**TASK BRIEF:** Omit all images, then repeat exactly the lines below from the one containing "人にも環境にもやさしいさを贈" through the one containing "Otwarta, Kły, Język, Paszcza, Tygrys, Odbicie", both ends included.

**INFORMATION GIVEN:**
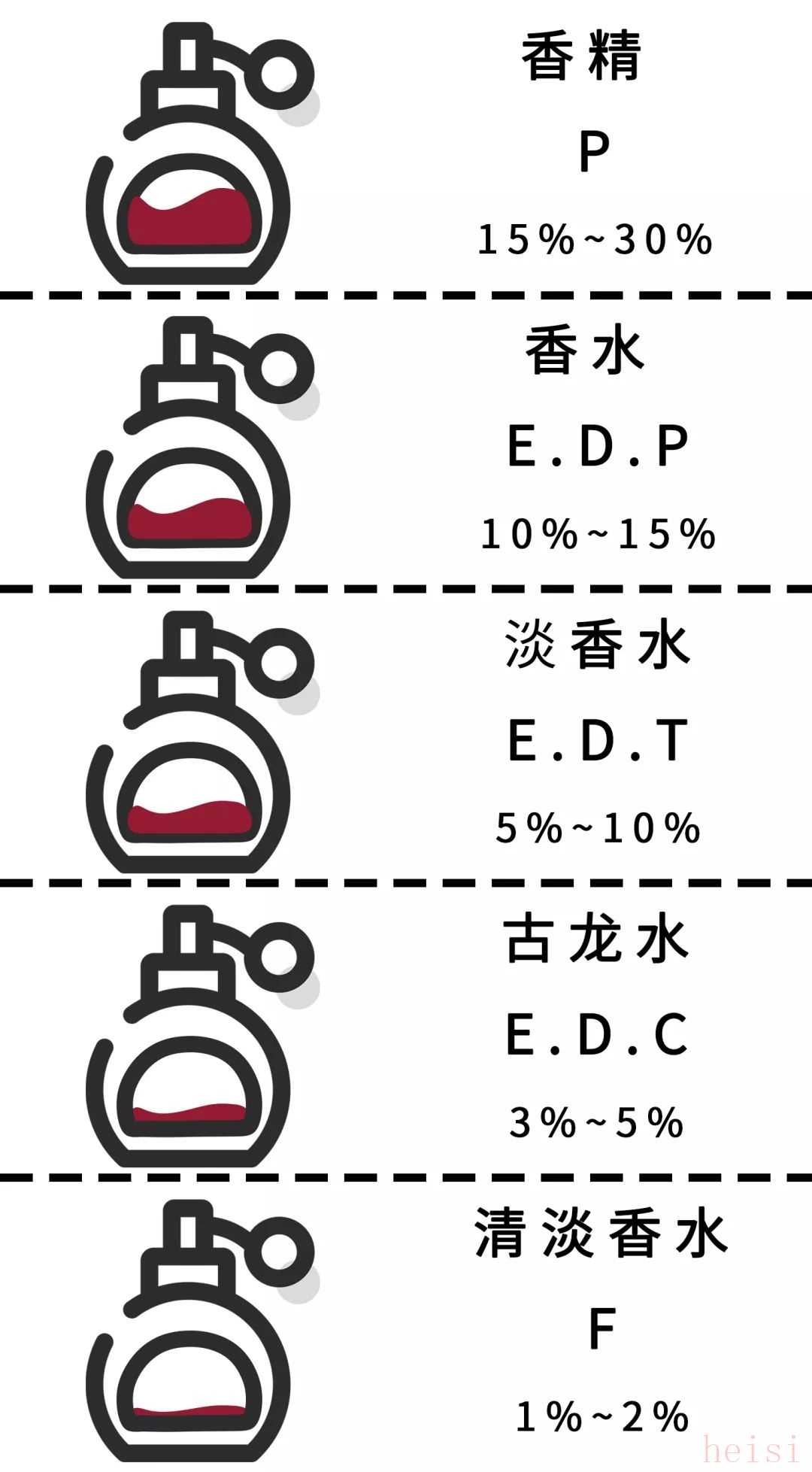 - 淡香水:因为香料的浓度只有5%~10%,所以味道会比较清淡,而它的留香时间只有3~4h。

--

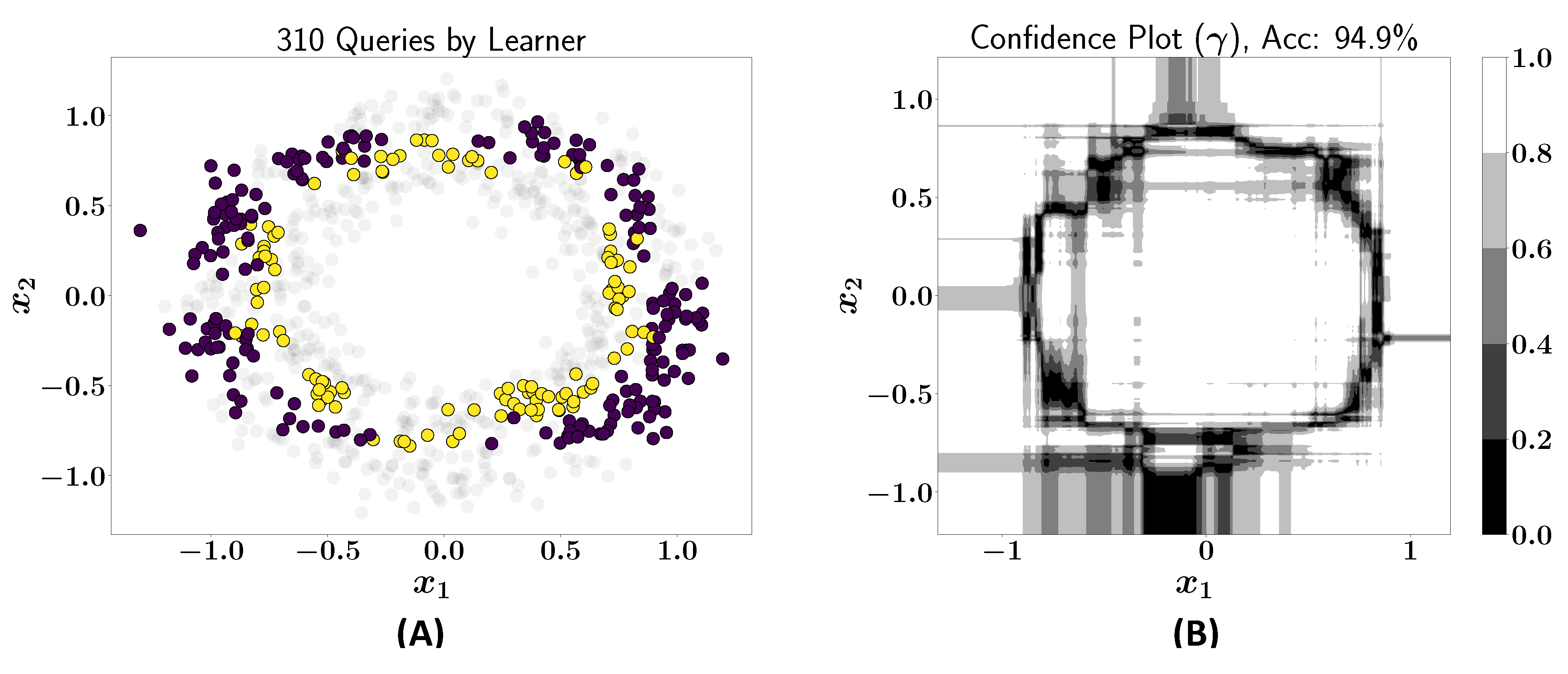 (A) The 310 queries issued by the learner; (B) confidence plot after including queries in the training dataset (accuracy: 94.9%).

* * *

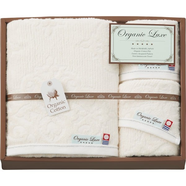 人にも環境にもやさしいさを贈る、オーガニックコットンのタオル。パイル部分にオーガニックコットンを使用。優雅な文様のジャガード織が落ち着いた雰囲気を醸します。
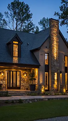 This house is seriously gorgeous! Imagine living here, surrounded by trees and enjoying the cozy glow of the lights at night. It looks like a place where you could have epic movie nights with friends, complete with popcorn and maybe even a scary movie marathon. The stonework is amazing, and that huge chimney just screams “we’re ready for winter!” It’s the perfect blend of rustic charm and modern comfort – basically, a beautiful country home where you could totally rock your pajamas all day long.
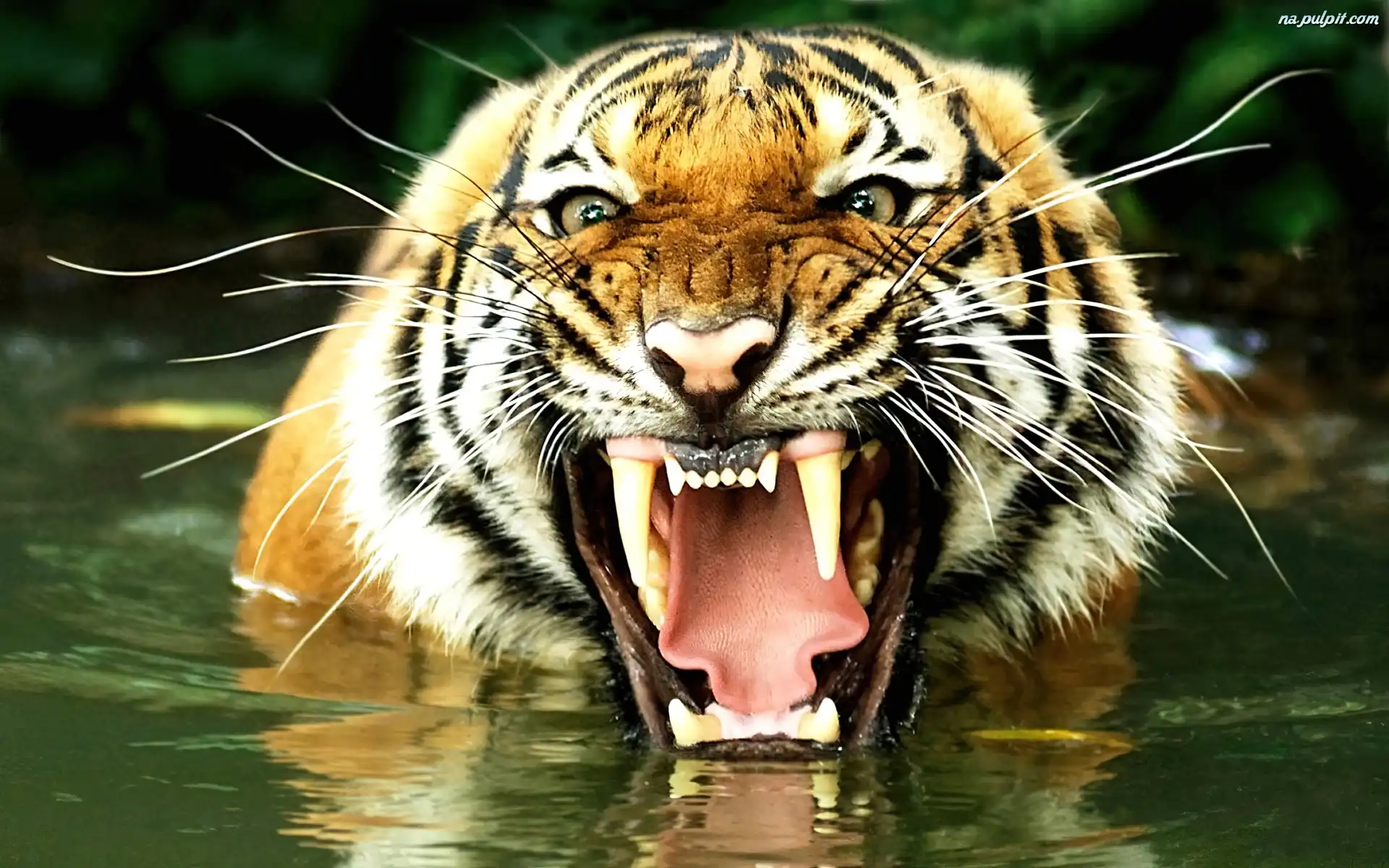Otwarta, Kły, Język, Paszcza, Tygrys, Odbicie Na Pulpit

**OUTPUT BELOW:**
 人にも環境にもやさしいさを贈る、オーガニックコットンのタオル。パイル部分にオーガニックコットンを使用。優雅な文様のジャガード織が落ち着いた雰囲気を醸します。
 This house is seriously gorgeous! Imagine living here, surrounded by trees and enjoying the cozy glow of the lights at night. It looks like a place where you could have epic movie nights with friends, complete with popcorn and maybe even a scary movie marathon. The stonework is amazing, and that huge chimney just screams “we’re ready for winter!” It’s the perfect blend of rustic charm and modern comfort – basically, a beautiful country home where you could totally rock your pajamas all day long.
Otwarta, Kły, Język, Paszcza, Tygrys, Odbicie Na Pulpit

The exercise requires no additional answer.